Samarium-153 has been extensively used in Brazil for the palliation of metastatic bone pain, demonstrating clinical effectiveness and favorable cost-effectiveness across public and private healthcare settings.[3] [4] The clinical response rates range from 55 to 88%, with analgesic effects lasting up to 17 weeks. The adverse effects reported include transient and dose-dependent bone marrow suppression; higher doses do not improve efficacy, but they may increase hematologic toxicity.[5]
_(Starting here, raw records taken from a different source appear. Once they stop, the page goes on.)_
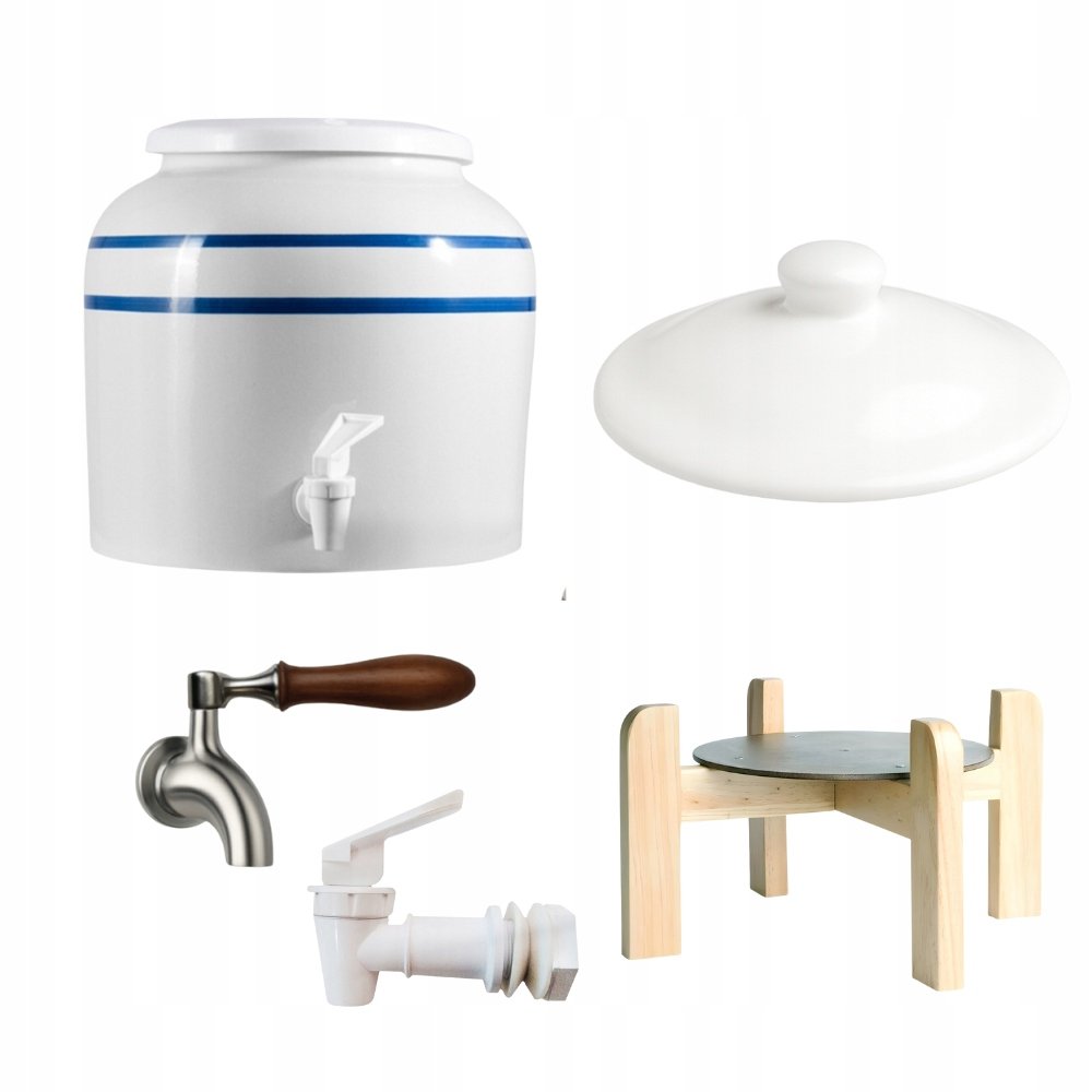 Elegancki Zestaw VIP 2 Silver CD-02 Niebieski to komplet, który łączy naturalną ceramikę, stabilne drewno oraz dwa wygodne kraniki — biały ViO A8 i srebrny metalowy ViO SF-2 — tworząc perfekcyjne rozwiązanie do serwowania wody w domu, biurze, salonie czy recepcji. W zestawie znajduje się również ceramiczna pokrywka LD-1 oraz solidna podstawka ViO WSD-6, dzięki czemu cały komplet jest gotowy do użytku od razu po rozpakowaniu.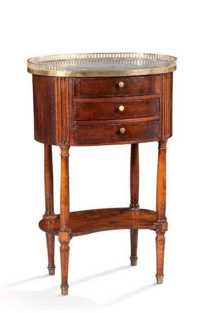 Table de salon de forme ovale en acajou et placage d'acajou.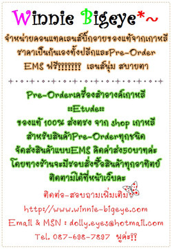 จำหน่ายคอนแทคเลนส์บิ๊กอายและPre-Orderเครื่องสำอางEtude นำเข้าจากประเทศเกาหลี ราคาเป็นกันเองค่ะ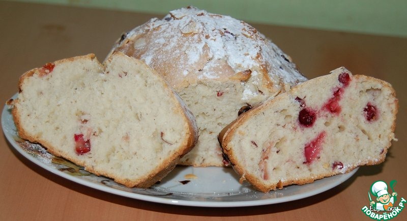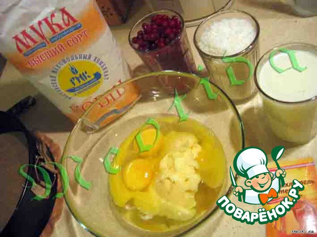 Испекла пирог. Получился кислым, ну а как по- другому, ведь клюква кислая сама по себе. Да и муки в ингредиентах много. Извините.

Radiopharmaceutical therapy enables the simultaneous treatment of multiple skeletal metastases, allows for repeated dosing, and it can be combined with other systemic treatments. Since its introduction in the 1980s, it has become an integral component of multidisciplinary palliative care.[6] Ongoing research aims to optimize treatment timing, explore synergistic combinations, and improve patient-selection strategies.[7]
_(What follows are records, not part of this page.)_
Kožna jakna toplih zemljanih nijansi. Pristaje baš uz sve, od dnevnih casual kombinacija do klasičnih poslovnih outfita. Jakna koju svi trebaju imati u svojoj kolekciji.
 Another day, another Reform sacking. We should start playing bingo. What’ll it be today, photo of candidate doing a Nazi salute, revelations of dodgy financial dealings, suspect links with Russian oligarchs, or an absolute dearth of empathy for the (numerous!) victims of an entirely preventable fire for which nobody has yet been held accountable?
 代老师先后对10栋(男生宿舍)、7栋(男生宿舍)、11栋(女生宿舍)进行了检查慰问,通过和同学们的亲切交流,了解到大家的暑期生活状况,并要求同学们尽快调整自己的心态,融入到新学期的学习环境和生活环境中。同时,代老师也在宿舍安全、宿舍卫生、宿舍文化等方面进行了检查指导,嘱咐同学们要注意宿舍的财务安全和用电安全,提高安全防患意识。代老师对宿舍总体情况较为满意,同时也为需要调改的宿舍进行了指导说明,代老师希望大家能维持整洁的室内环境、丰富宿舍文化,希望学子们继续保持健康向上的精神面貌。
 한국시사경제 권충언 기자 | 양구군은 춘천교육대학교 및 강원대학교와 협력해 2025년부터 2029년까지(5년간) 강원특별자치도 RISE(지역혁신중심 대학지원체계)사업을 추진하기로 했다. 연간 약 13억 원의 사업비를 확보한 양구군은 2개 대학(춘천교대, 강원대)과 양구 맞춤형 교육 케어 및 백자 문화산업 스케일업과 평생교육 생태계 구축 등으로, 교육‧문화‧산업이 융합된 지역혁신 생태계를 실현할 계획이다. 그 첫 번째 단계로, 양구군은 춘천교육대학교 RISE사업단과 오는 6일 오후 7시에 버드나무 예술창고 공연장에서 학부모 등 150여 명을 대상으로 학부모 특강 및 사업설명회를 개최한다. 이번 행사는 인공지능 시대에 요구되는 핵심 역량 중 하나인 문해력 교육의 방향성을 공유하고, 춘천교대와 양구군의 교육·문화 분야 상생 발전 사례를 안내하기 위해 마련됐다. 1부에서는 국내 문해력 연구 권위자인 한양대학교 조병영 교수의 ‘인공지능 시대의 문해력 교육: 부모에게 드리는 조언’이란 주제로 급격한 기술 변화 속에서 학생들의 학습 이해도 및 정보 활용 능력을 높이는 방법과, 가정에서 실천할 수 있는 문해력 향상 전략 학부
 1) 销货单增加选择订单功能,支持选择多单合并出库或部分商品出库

The coronavirus disease 2019 (COVID-19) pandemic caused extensive disruptions in cancer care. In Brazil, the public and private sectors faced significant constraints: elective procedures were delayed or suspended, and resources were reallocated toward emergency response. These changes affected access to diagnostic and therapeutic services for chronic conditions, including cancer.[8] [9]

The impact of the COVID-19 pandemic on cancer management was multifaceted. There were dramatic reductions in diagnostic services, delays in elective surgeries, and suspension of screening programs, leading to later-stage diagnoses. Non-urgent medical visits and procedures dropped sharply, and patients often avoided healthcare settings due to fear of infection. As a result, more cases presented at advanced stages with painful bone metastases. Cancer treatments were also affected: the volumes of surgeries and systemic therapy decreased, while the use of oral regimens increased. Access to radionuclide therapy and radiotherapy was hampered by supply-chain interruptions and logistical barriers. Collectively, these effects contributed to excess mortality and increased suffering among cancer patients, even among those not directly infected with COVID-19.[8] [9] [10] [11]
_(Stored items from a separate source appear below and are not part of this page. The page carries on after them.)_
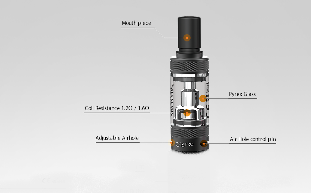 Un excellent matos que ce clearo Q16 Pro de Justfog dont je suis tombé amoureux (le kit complet est une tuerie pour la vape serrée MTL pour vaper du CBD ou du sel de nicotine). Fournis avec une résistance de 1,6ohm, ce qui m'a permis de tester la différence avec les 1,2ohm. La 1,6ohm est plus approprié pour une vape serrée MTL, la 1,2ohm permettant, si on le souhaite une vape DL restrictive, la 1,2Ohm me parait plus polyvalente. Honnêtement j'aime les deux résistances pour ce clearo. Facile à utilisé, bien construit et une sensation proche des cigarettes roulées que j'apprécie pour ma part sur le tirage. Je l'utilise pour du sel de nicotine, c'est très économique (une bouteille de 10ml en 20mg me faisant environ la semaine) et surtout ... c'est vraiment efficace pour diminuer ou arrêter le tabac ! Comme quoi le choix d'un bon matos est important et les conseils insistant sur l'utilisation de sel de nicotine et d'une vape serrée ont carrément raison ! Je recommande. En espérant qu'on puisse avoir un jour le modèle Q16 Pro + que l'on voit sur le site officiel de la marque (modèle légèrement plus grand avec un réservoir plus grand et une autonomie de la batterie plus étendue passant de 900 à 1100mah).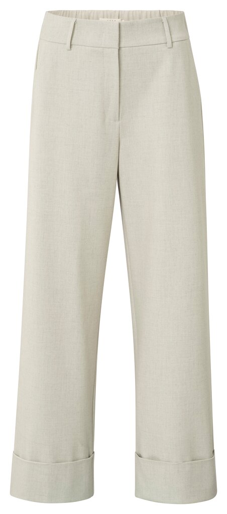 Deze elegante broek is gemaakt van een zachte, gestructureerde geweven stof en is ontworpen met een middelhoge taille en wijde pijpen, de opvallende brede omslagen aan de zoom geven een moderne twist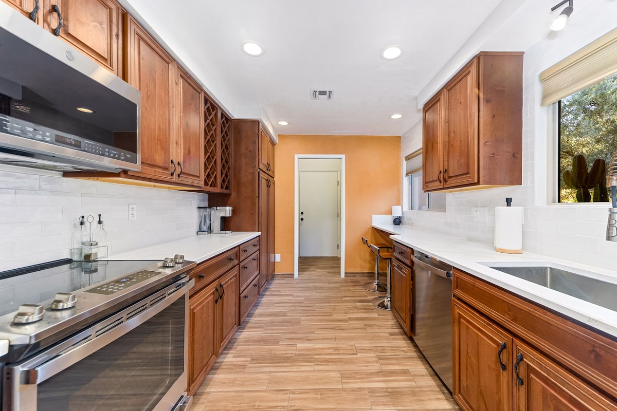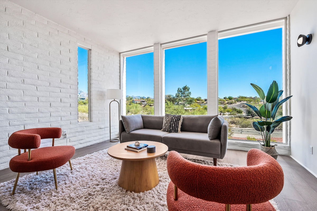 Ngôi nhà hiện đại tuyệt đẹp ở Catalina Foothills Ngôi nhà được tu sửa đẹp mắt này nằm trên một khu đất rộng một mẫu Anh ở Catalina Foothills được săn đón nhiều. Với 3 phòng ngủ master suite, mỗi phòng có phòng tắm hoàn toàn mới, vòi sen đứng và bàn trang điểm đôi, ngôi nhà này dễ dàng kết hợp sự thoải mái và thiết kế hiện đại. Vị trí lý tưởng, bạn chỉ cách khu mua sắm, nhà hàng cao cấp vài phút và 10–15 phút lái xe đến trung tâm thành phố, Đại lộ Đại học và Đại lộ số 4. Không gian, phong cách và vị trí - tất cả trong một gói tuyệt đẹp!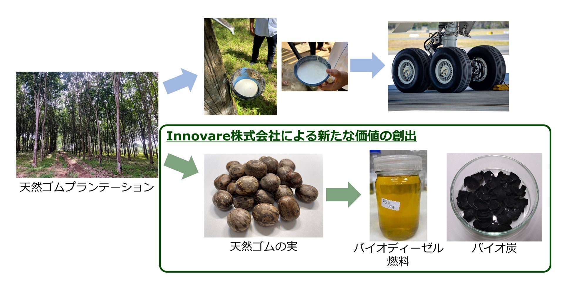 Innovareでは、これまで未利用資源として放置されていた天然ゴムの実を原料として、世界で初めて天然ゴムの実からバイオ燃料、バイオメタンガス、およびバイオ炭を生成するアップサイクルの実用化を行っています。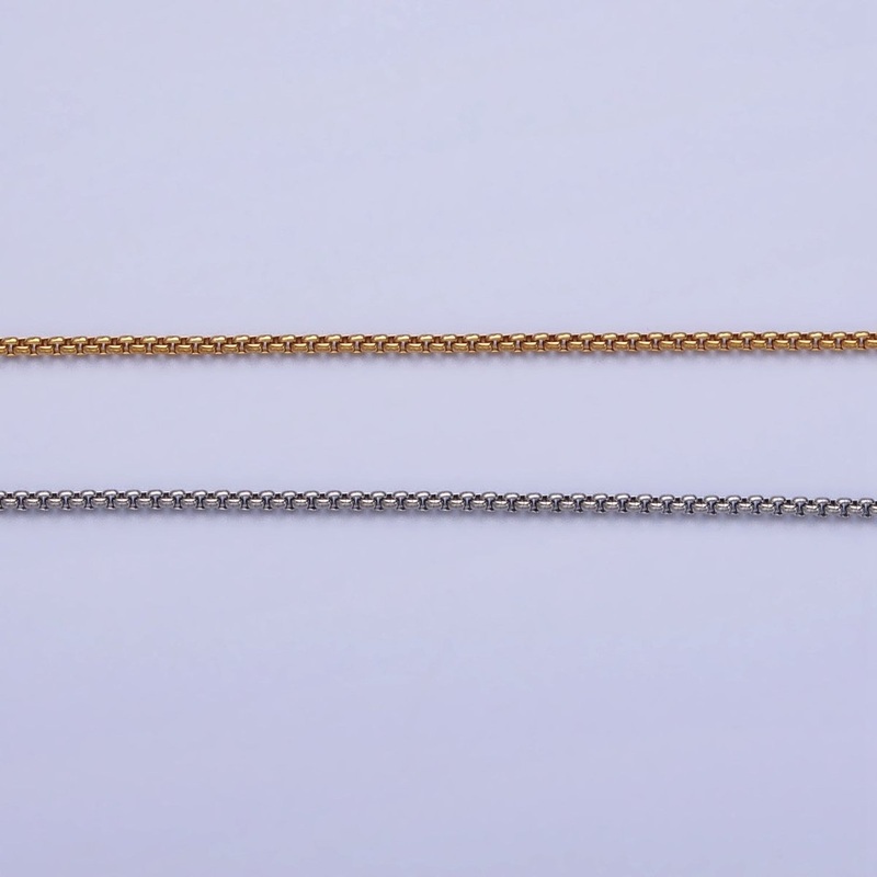 Material: Stainless SteelTone: Stainless SteelSize: 1.2mm on ChainTheme: Box Chain, Cable Chain, Rolo Chain

Understanding how specific oncologic interventions—such as radiopharmaceutical therapy—were affected can inform future contingency planning and guide the development of health policies. The current study evaluates national trends in the use of Beta-emitting radionuclide therapy for bone pain, comparing the public (Unified Health System, Sistema Único de Saúde, SUS, in Portuguese) and private (Supplementary Health) sectors, and assessing the impact of the COVID-19 pandemic and the subsequent recovery.

Materials and Methods

The present is a retrospective observational study based on routinely-collected administrative data from national health databases in Brazil. The study was conducted and reported in accordance with the Reporting of Studies Conducted Using Observational Routinely-Collected Data (RECORD) statement, an extension of the Strengthening the Reporting of Observational Studies in Epidemiology (STROBE) guideline tailored for studies using secondary health data.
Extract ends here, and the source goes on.